Action item ::
Print the data exactly. Omit the pictures.

Information provided ::
>>>>>

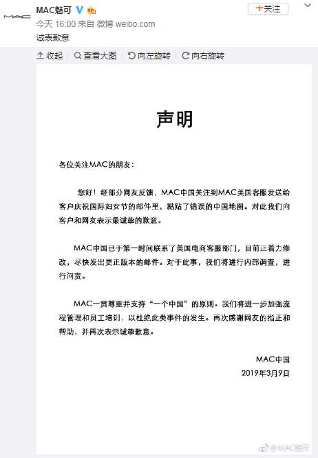 9日下午,MAC中国官方微博发布一则声明,经部分网友反馈,MAC中国关注到MAC美国客服发送给客户庆祝国际妇女节的邮件里,黏贴了错误的中国地图,对此表示歉意。MAC中国已于第一时间联系了美国电商客服部门,目前正着力修改,尽快发出更正版本的邮件,对于此事,公司将进行内部调查,进行问责。
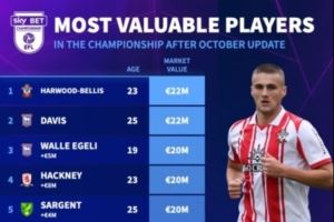 体育资讯10月6日讯 德转更新英冠球员身价,在目前的英冠球员身价中,南安普顿球员贝利斯和伊镇球员戴维斯2200万欧并列第一。
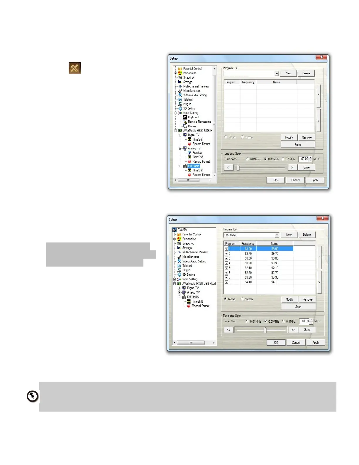 The application comes with a built-in FM frequency table for the country: Russia. To use the

<<<<<

Answer box ::
 9日下午,MAC中国官方微博发布一则声明,经部分网友反馈,MAC中国关注到MAC美国客服发送给客户庆祝国际妇女节的邮件里,黏贴了错误的中国地图,对此表示歉意。MAC中国已于第一时间联系了美国电商客服部门,目前正着力修改,尽快发出更正版本的邮件,对于此事,公司将进行内部调查,进行问责。
 体育资讯10月6日讯 德转更新英冠球员身价,在目前的英冠球员身价中,南安普顿球员贝利斯和伊镇球员戴维斯2200万欧并列第一。
 The application comes with a built-in FM frequency table for the country: Russia. To use the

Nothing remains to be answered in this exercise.